[[ GIVEN MATERIAL open ]]
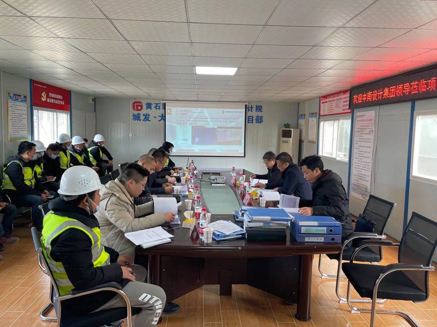 檢查組一行對施工現(xiàn)場實地查看,對現(xiàn)場安全生產(chǎn)、技術質量等情況進行了檢查,聽取了項目負責人對項目工程概況、施工進度、安全管理等情況的匯報。隨后在會議室召開座談會。
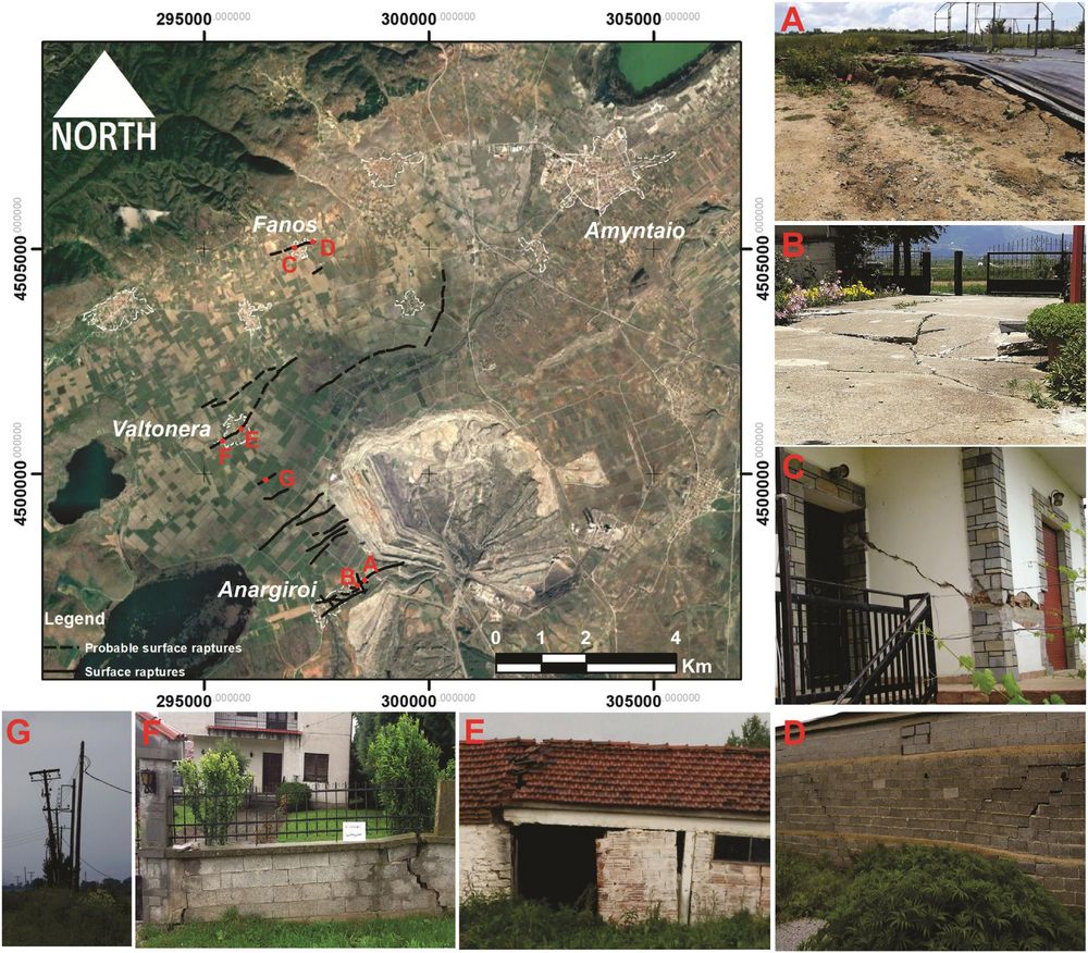 На основе подробной карты, составленной авторами статьи [1] по результатам обширных полевых исследований, они разделили разрывы поверхности на две категории (рис. 6). Большинство из них имеют направление СВЮЗ и параллельны тектоническим разломам, затрагивающим четвертичные геологические формации. Остальные имеют направление СЗЮВ и параллельны тектоническим разломам, затрагивающим предальпийские геологические формации. На этой основе Тзапоглу и Лупасакис [1] делают вывод, что совершенно очевидна корреляция разрывов поверхности с пространственным распределением тектонических разломов.
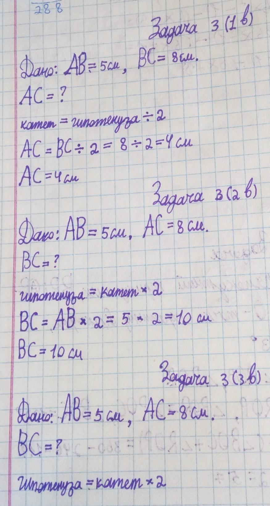 3. Две СТОРОНЫ прямоугольного треугольника равны: 5 см и 8 см. Найдите третью сторону треугольника. Рассмотрите все возможные случаи. [4]
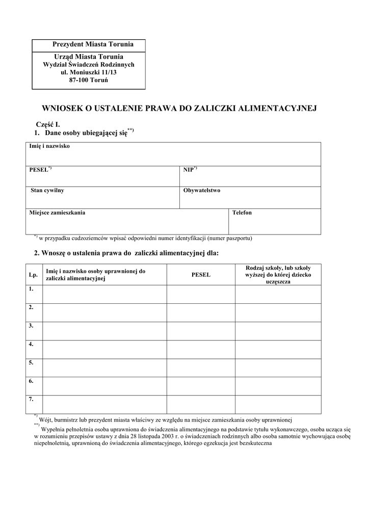 Prezydent Miasta Torunia Urząd Miasta Torunia Wydział Świadczeń Rodzinnych ul. Moniuszki 11/13 87-100 Toruń WNIOSEK O USTALENIE PRAWA DO ZALICZKI ALIMENTACYJNEJ Część I. 1. Dane osoby ubiegającej się**) Imię i nazwisko PESEL*) NIP*) Stan cywilny Obywatelstwo Miejsce zamieszkania *) Telefon w przypadku cudzoziemców wpisać odpowiedni numer identyfikacji (numer paszportu) 2. Wnoszę o ustalenia prawa do zaliczki alimentacyjnej dla: Imię i nazwisko osoby uprawnionej do zaliczki alimentacyjnej Lp. PESEL Rodzaj szkoły, lub szkoły wyŜszej do której dziecko uczęszcza 1. 2. 3. 4. 5. 6. 7. *) Wójt, burmistrz lub prezydent miasta właściwy ze względu na miejsce zamieszkania osoby uprawnionej **) Wypełnia pełnoletnia osoba uprawniona do świadczenia alimentacyjnego na podstawie tytułu wykonawczego, osoba ucząca się w rozumieniu przepisów ustawy z dnia 28 listopada 2003 r. o świadczeniach rodzinnych albo osoba samotnie wychowująca osobę niepełnoletnią, uprawnioną do świadczenia alimentacyjnego, którego egzekucja jest bezskuteczna 3. Dane członków rodziny ( w tym dzieci do ukończenia 25 lat, a takŜe dziecka, które ukończyło 25 rok Ŝycia legitymującego się orzeczeniem o znacznym stopniu niepełnosprawności, jeŜeli w związku z tą niepełnosprawnością rodzinie przysługuje świadczenie pielęgnacyjne; do członków rodziny nie zalicza się dziecka znajdującego się pod opieką opiekuna prawnego) (art. 3 pkt. 16 ustawy o świadczeniach rodzinnych) W skład rodziny wchodzą: 1 ......................................................................................................................................................................................... ( imię i nazwisko stopień pokrewieństwa PESEL* ) 2 ......................................................................................................................................................................................... ( imię i nazwisko stopień pokrewieństwa PESEL* ) 3 ......................................................................................................................................................................................... ( imię i nazwisko stopień pokrewieństwa PESEL* ) 4 ......................................................................................................................................................................................... ( imię i nazwisko stopień pokrewieństwa PESEL* ) 5 ......................................................................................................................................................................................... ( imię i nazwisko *) stopień pokrewieństwa PESEL* ) W przypadku cudzoziemców wpisać odpowiedni numer identyfikacji (numer paszportu) 4. Inne dane 4.1 Łączna kwota alimentów świadczonych przez członków rodziny na rzecz innych osób wyniosła w roku ................. *) ............... zł.....gr 4.2 Łączna kwota opłat poniesionych z tytułu przebywania członka rodziny w instytucji zapewniającej całodobowe utrzymanie w roku ................. *) wyniosła ............zł.....gr 4.3 Dochód utracony z roku .................*) miesięcznie wyniósł ............... zł.....gr 4.4 Dochód uzyskany w roku .............. *) miesięcznie wyniósł ............... zł.....gr ) * Wpisać rok, z którego dochód stanowi podstawę ustalenia dochodu rodziny (art. 3 pkt 2 ustawy o świadczeniach rodzinnych) Część II. 1. Oświadczenie słuŜące ustaleniu prawa do zaliczki alimentacyjnej (oświadcza osoba ubiegająca się o zaliczkę alimentacyjną w imieniu osoby uprawnionej) Oświadczam, Ŝe: - powyŜsze dane są prawdziwe, - zapoznałam/em się z warunkami uprawniającymi do zaliczki alimentacyjnej, - dziecko/dzieci, na które ubiegam się o zaliczkę alimentacyjną nie pozostaje/ją w związku małŜeńskim ani nie przebywa/ją w rodzinie zastępczej, instytucji zapewniającej całodobowe utrzymanie, tj. domu pomocy społecznej, placówce opiekuńczo wychowawczej, młodzieŜowym ośrodku wychowawczym, schronisku dla nieletnich, zakładzie poprawczym, areszcie śledczym, zakładzie karnym, zakładzie opiekuńczo-leczniczym, zakładzie pielęgnacyjno–opiekuńczym, a takŜe szkole wojskowej lub innej szkole zapewniającej nieodpłatnie pełne utrzymanie, w tym wyŜywienie, zakwaterowanie i umundurowanie, - dziecko/dzieci, na które ubiegam się o zaliczkę alimentacyjną nie jest/są uprawnione do zasiłku rodzinnego na własne dziecko, - jestem panną/kawalerem/osobą pozostającą w separacji /osobą rozwiedzioną/wdową/wdowcem*), - nie wychowuję dziecka razem z ojcem/ matką dziecka*). ...................................................... (data podpis osoby ubiegającej się) ) * Niepotrzebne skreślić 2. Oświadczenie słuŜące ustaleniu prawa do zaliczki alimentacyjnej (oświadcza pełnoletnia osoba uprawniona, ubiegająca się o zaliczkę alimentacyjną oraz osoba ucząca się) Oświadczam, Ŝe: - powyŜsze dane są prawdziwe, - zapoznałam/em się z warunkami uprawniającymi do zaliczki alimentacyjnej, - nie pozostaję w związku małŜeńskim ani nie przebywam w instytucji zapewniającej całodobowe utrzymanie, tj. domu pomocy społecznej, placówce opiekuńczo wychowawczej, młodzieŜowym ośrodku wychowawczym, schronisku dla nieletnich, zakładzie poprawczym, areszcie śledczym, zakładzie karnym, zakładzie opiekuńczo-leczniczym, zakładzie pielęgnacyjno–opiekuńczym, a takŜe szkole wojskowej lub innej szkole zapewniającej nieodpłatnie pełne utrzymanie, w tym wyŜywienie, zakwaterowanie i umundurowanie, - nie jestem uprawniona/ny do zasiłku rodzinnego na własne dziecko, - osoba, która mnie wychowuje jest panną/kawalerem/osobą pozostającą w separacji /osobą rozwiedzioną/ wdową/wdowcem*) oraz nie wychowuje dziecka razem z ojcem/ matką dziecka*). ...................................................... (data podpis osoby
[[ GIVEN MATERIAL closed ]]
GOAL OF THE EXERCISE –
Omit the pictures and output all remaining material exactly.

RESULT FOR THIS TASK –
 檢查組一行對施工現(xiàn)場實地查看,對現(xiàn)場安全生產(chǎn)、技術質量等情況進行了檢查,聽取了項目負責人對項目工程概況、施工進度、安全管理等情況的匯報。隨后在會議室召開座談會。
 На основе подробной карты, составленной авторами статьи [1] по результатам обширных полевых исследований, они разделили разрывы поверхности на две категории (рис. 6). Большинство из них имеют направление СВЮЗ и параллельны тектоническим разломам, затрагивающим четвертичные геологические формации. Остальные имеют направление СЗЮВ и параллельны тектоническим разломам, затрагивающим предальпийские геологические формации. На этой основе Тзапоглу и Лупасакис [1] делают вывод, что совершенно очевидна корреляция разрывов поверхности с пространственным распределением тектонических разломов.
 3. Две СТОРОНЫ прямоугольного треугольника равны: 5 см и 8 см. Найдите третью сторону треугольника. Рассмотрите все возможные случаи. [4]
 Prezydent Miasta Torunia Urząd Miasta Torunia Wydział Świadczeń Rodzinnych ul. Moniuszki 11/13 87-100 Toruń WNIOSEK O USTALENIE PRAWA DO ZALICZKI ALIMENTACYJNEJ Część I. 1. Dane osoby ubiegającej się**) Imię i nazwisko PESEL*) NIP*) Stan cywilny Obywatelstwo Miejsce zamieszkania *) Telefon w przypadku cudzoziemców wpisać odpowiedni numer identyfikacji (numer paszportu) 2. Wnoszę o ustalenia prawa do zaliczki alimentacyjnej dla: Imię i nazwisko osoby uprawnionej do zaliczki alimentacyjnej Lp. PESEL Rodzaj szkoły, lub szkoły wyŜszej do której dziecko uczęszcza 1. 2. 3. 4. 5. 6. 7. *) Wójt, burmistrz lub prezydent miasta właściwy ze względu na miejsce zamieszkania osoby uprawnionej **) Wypełnia pełnoletnia osoba uprawniona do świadczenia alimentacyjnego na podstawie tytułu wykonawczego, osoba ucząca się w rozumieniu przepisów ustawy z dnia 28 listopada 2003 r. o świadczeniach rodzinnych albo osoba samotnie wychowująca osobę niepełnoletnią, uprawnioną do świadczenia alimentacyjnego, którego egzekucja jest bezskuteczna 3. Dane członków rodziny ( w tym dzieci do ukończenia 25 lat, a takŜe dziecka, które ukończyło 25 rok Ŝycia legitymującego się orzeczeniem o znacznym stopniu niepełnosprawności, jeŜeli w związku z tą niepełnosprawnością rodzinie przysługuje świadczenie pielęgnacyjne; do członków rodziny nie zalicza się dziecka znajdującego się pod opieką opiekuna prawnego) (art. 3 pkt. 16 ustawy o świadczeniach rodzinnych) W skład rodziny wchodzą: 1 ......................................................................................................................................................................................... ( imię i nazwisko stopień pokrewieństwa PESEL* ) 2 ......................................................................................................................................................................................... ( imię i nazwisko stopień pokrewieństwa PESEL* ) 3 ......................................................................................................................................................................................... ( imię i nazwisko stopień pokrewieństwa PESEL* ) 4 ......................................................................................................................................................................................... ( imię i nazwisko stopień pokrewieństwa PESEL* ) 5 ......................................................................................................................................................................................... ( imię i nazwisko *) stopień pokrewieństwa PESEL* ) W przypadku cudzoziemców wpisać odpowiedni numer identyfikacji (numer paszportu) 4. Inne dane 4.1 Łączna kwota alimentów świadczonych przez członków rodziny na rzecz innych osób wyniosła w roku ................. *) ............... zł.....gr 4.2 Łączna kwota opłat poniesionych z tytułu przebywania członka rodziny w instytucji zapewniającej całodobowe utrzymanie w roku ................. *) wyniosła ............zł.....gr 4.3 Dochód utracony z roku .................*) miesięcznie wyniósł ............... zł.....gr 4.4 Dochód uzyskany w roku .............. *) miesięcznie wyniósł ............... zł.....gr ) * Wpisać rok, z którego dochód stanowi podstawę ustalenia dochodu rodziny (art. 3 pkt 2 ustawy o świadczeniach rodzinnych) Część II. 1. Oświadczenie słuŜące ustaleniu prawa do zaliczki alimentacyjnej (oświadcza osoba ubiegająca się o zaliczkę alimentacyjną w imieniu osoby uprawnionej) Oświadczam, Ŝe: - powyŜsze dane są prawdziwe, - zapoznałam/em się z warunkami uprawniającymi do zaliczki alimentacyjnej, - dziecko/dzieci, na które ubiegam się o zaliczkę alimentacyjną nie pozostaje/ją w związku małŜeńskim ani nie przebywa/ją w rodzinie zastępczej, instytucji zapewniającej całodobowe utrzymanie, tj. domu pomocy społecznej, placówce opiekuńczo wychowawczej, młodzieŜowym ośrodku wychowawczym, schronisku dla nieletnich, zakładzie poprawczym, areszcie śledczym, zakładzie karnym, zakładzie opiekuńczo-leczniczym, zakładzie pielęgnacyjno–opiekuńczym, a takŜe szkole wojskowej lub innej szkole zapewniającej nieodpłatnie pełne utrzymanie, w tym wyŜywienie, zakwaterowanie i umundurowanie, - dziecko/dzieci, na które ubiegam się o zaliczkę alimentacyjną nie jest/są uprawnione do zasiłku rodzinnego na własne dziecko, - jestem panną/kawalerem/osobą pozostającą w separacji /osobą rozwiedzioną/wdową/wdowcem*), - nie wychowuję dziecka razem z ojcem/ matką dziecka*). ...................................................... (data podpis osoby ubiegającej się) ) * Niepotrzebne skreślić 2. Oświadczenie słuŜące ustaleniu prawa do zaliczki alimentacyjnej (oświadcza pełnoletnia osoba uprawniona, ubiegająca się o zaliczkę alimentacyjną oraz osoba ucząca się) Oświadczam, Ŝe: - powyŜsze dane są prawdziwe, - zapoznałam/em się z warunkami uprawniającymi do zaliczki alimentacyjnej, - nie pozostaję w związku małŜeńskim ani nie przebywam w instytucji zapewniającej całodobowe utrzymanie, tj. domu pomocy społecznej, placówce opiekuńczo wychowawczej, młodzieŜowym ośrodku wychowawczym, schronisku dla nieletnich, zakładzie poprawczym, areszcie śledczym, zakładzie karnym, zakładzie opiekuńczo-leczniczym, zakładzie pielęgnacyjno–opiekuńczym, a takŜe szkole wojskowej lub innej szkole zapewniającej nieodpłatnie pełne utrzymanie, w tym wyŜywienie, zakwaterowanie i umundurowanie, - nie jestem uprawniona/ny do zasiłku rodzinnego na własne dziecko, - osoba, która mnie wychowuje jest panną/kawalerem/osobą pozostającą w separacji /osobą rozwiedzioną/ wdową/wdowcem*) oraz nie wychowuje dziecka razem z ojcem/ matką dziecka*). ...................................................... (data podpis osoby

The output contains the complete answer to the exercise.